(Items listed in a dataset)
_ _ _ _ _
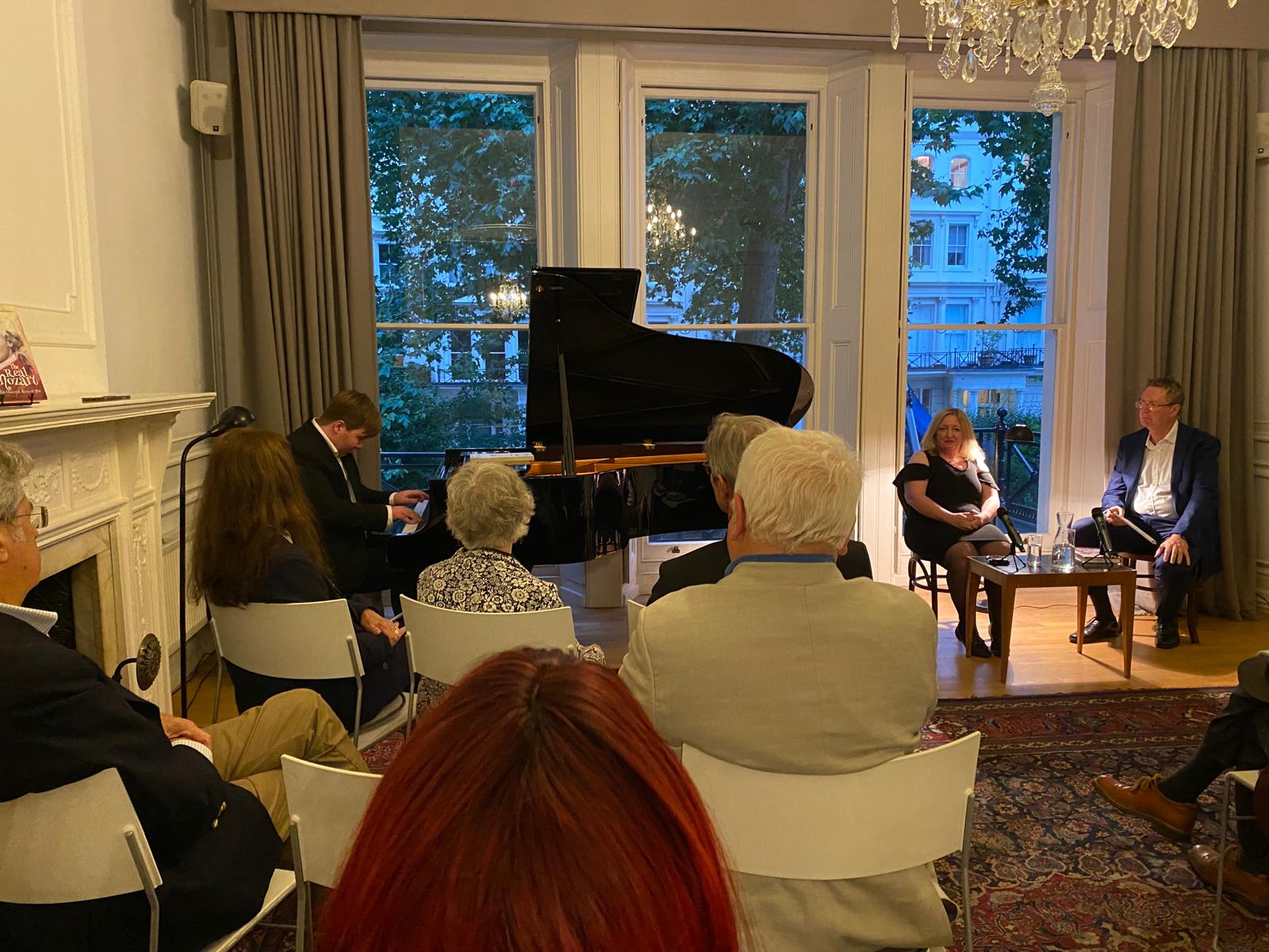 I had the great honor to be on the podium together with Mr. Ian Page, the wonderful conductor and head of The Mozartists and we talked about the making of my book. Keep in mind that I am Austrian and that this is my first book that I wrote in English language. In between we had a wonderful Piano Concert.
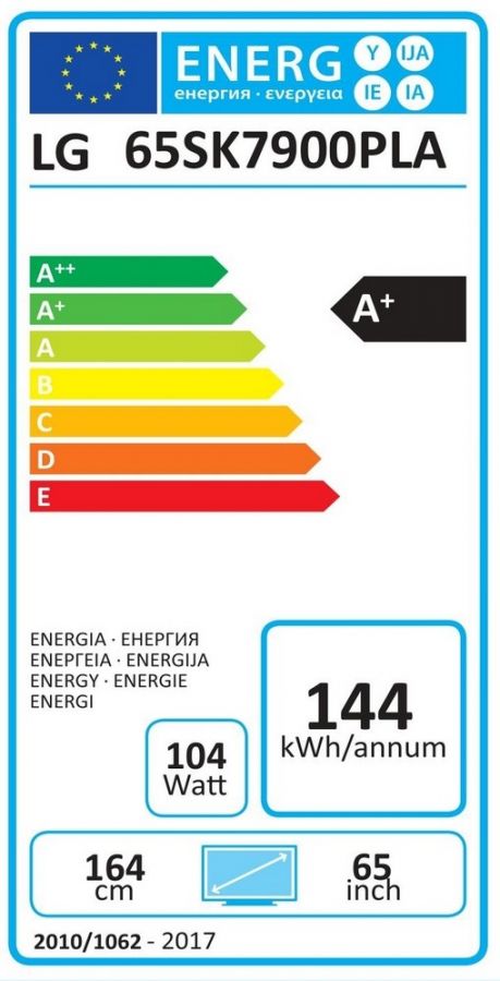 Televize SMART LED, úhlopříčka 164cm, 4K Ultra HD, 4K Cinema HDR, True Motion 200 (100Hz), DVB-T2/S2/C, H.265/HEVC, 4x HDMI, 2x USB, CI+, LAN, WiFi, DLNA, Bluetooth, HbbTV, Miracast, WiDi, web prohlížeč, magické spojení s mobilem, USB nahrávání, webOS Smart TV, VESAB, repro 20W, Energetická třída A+
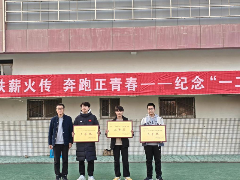 为纪念“一二・九”学生爱国运动90周年,传承红色基因,厚植爱国情怀,12月6日下午,学校纪念“一二・九”运动90周年“青春接力跑”活动在西校区第二体育场顺利举办。我院组建 25 人师生联合队伍参赛,其中教职工5名、学生20名,共同完成10000米接力跑挑战,以第六名成绩斩获三等奖。12月6日下午,西校区第二体育场旌旗招展、氛围热烈。随着发令枪响,首棒队员如离弦之箭冲出起点,迅速进入奔跑节奏,队员们严格遵守赛场规则...
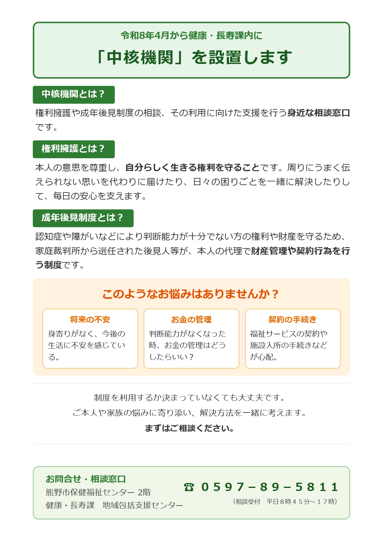 成年後見制度にかかる「中核機関」を設置します
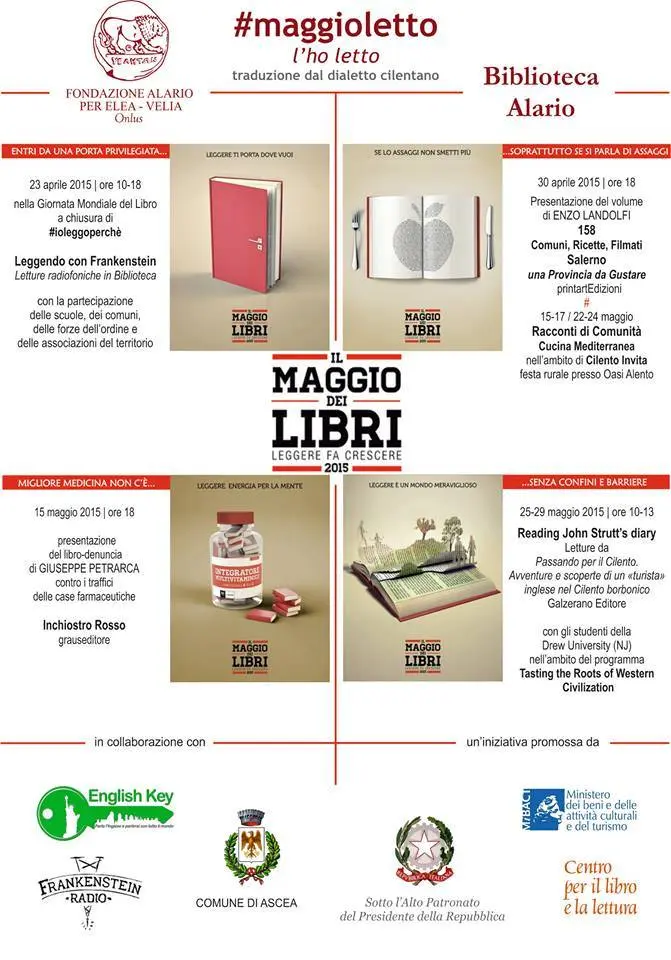 ASCEA. La Fondazione Alario per Elea-Velia Onlus aderisce anche quest’anno a Il Maggio dei Libri, kermesse nazionale di invito alla lettura partita lo scorso 23 aprile, Giornata Mondiale del Libro, a chiusura dell’iniziativa dell’AIE - Associazione Italiana Editori - #ioleggoperché.
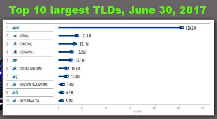 RESTON, Va. – The .com and .net domain spaces may be growing long in the tooth, but they remain by far the most popular on the internet, according to second-quarter 2017 statistics released by Verisign.
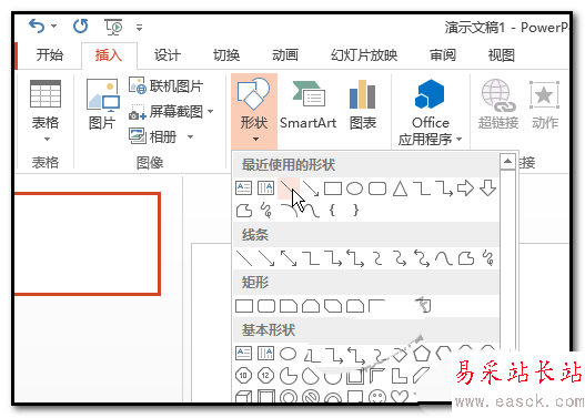 2、然后,我們點擊:插入-形狀,在彈出的形狀面板中,點:直線
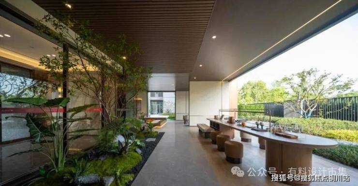 设计团队以“漂浮的无限山海”为灵感,将临海独特的山魂海韵与文人的雅致风骨,凝练于现代建筑与景观之中。主入口建筑立面选用沉稳的印度蓝石材与精致的暗金色金属型材,线条简洁流畅,于光影变幻间勾勒出“景雅大气”的现代风骨。
_ _ _ _ _
What needs to be done -> Write every line above again exactly, but leave the pictures out.

Your response ->
 I had the great honor to be on the podium together with Mr. Ian Page, the wonderful conductor and head of The Mozartists and we talked about the making of my book. Keep in mind that I am Austrian and that this is my first book that I wrote in English language. In between we had a wonderful Piano Concert.
 Televize SMART LED, úhlopříčka 164cm, 4K Ultra HD, 4K Cinema HDR, True Motion 200 (100Hz), DVB-T2/S2/C, H.265/HEVC, 4x HDMI, 2x USB, CI+, LAN, WiFi, DLNA, Bluetooth, HbbTV, Miracast, WiDi, web prohlížeč, magické spojení s mobilem, USB nahrávání, webOS Smart TV, VESAB, repro 20W, Energetická třída A+
 为纪念“一二・九”学生爱国运动90周年,传承红色基因,厚植爱国情怀,12月6日下午,学校纪念“一二・九”运动90周年“青春接力跑”活动在西校区第二体育场顺利举办。我院组建 25 人师生联合队伍参赛,其中教职工5名、学生20名,共同完成10000米接力跑挑战,以第六名成绩斩获三等奖。12月6日下午,西校区第二体育场旌旗招展、氛围热烈。随着发令枪响,首棒队员如离弦之箭冲出起点,迅速进入奔跑节奏,队员们严格遵守赛场规则...
 成年後見制度にかかる「中核機関」を設置します
 ASCEA. La Fondazione Alario per Elea-Velia Onlus aderisce anche quest’anno a Il Maggio dei Libri, kermesse nazionale di invito alla lettura partita lo scorso 23 aprile, Giornata Mondiale del Libro, a chiusura dell’iniziativa dell’AIE - Associazione Italiana Editori - #ioleggoperché.
 RESTON, Va. – The .com and .net domain spaces may be growing long in the tooth, but they remain by far the most popular on the internet, according to second-quarter 2017 statistics released by Verisign.
 2、然后,我們點擊:插入-形狀,在彈出的形狀面板中,點:直線
 设计团队以“漂浮的无限山海”为灵感,将临海独特的山魂海韵与文人的雅致风骨,凝练于现代建筑与景观之中。主入口建筑立面选用沉稳的印度蓝石材与精致的暗金色金属型材,线条简洁流畅,于光影变幻间勾勒出“景雅大气”的现代风骨。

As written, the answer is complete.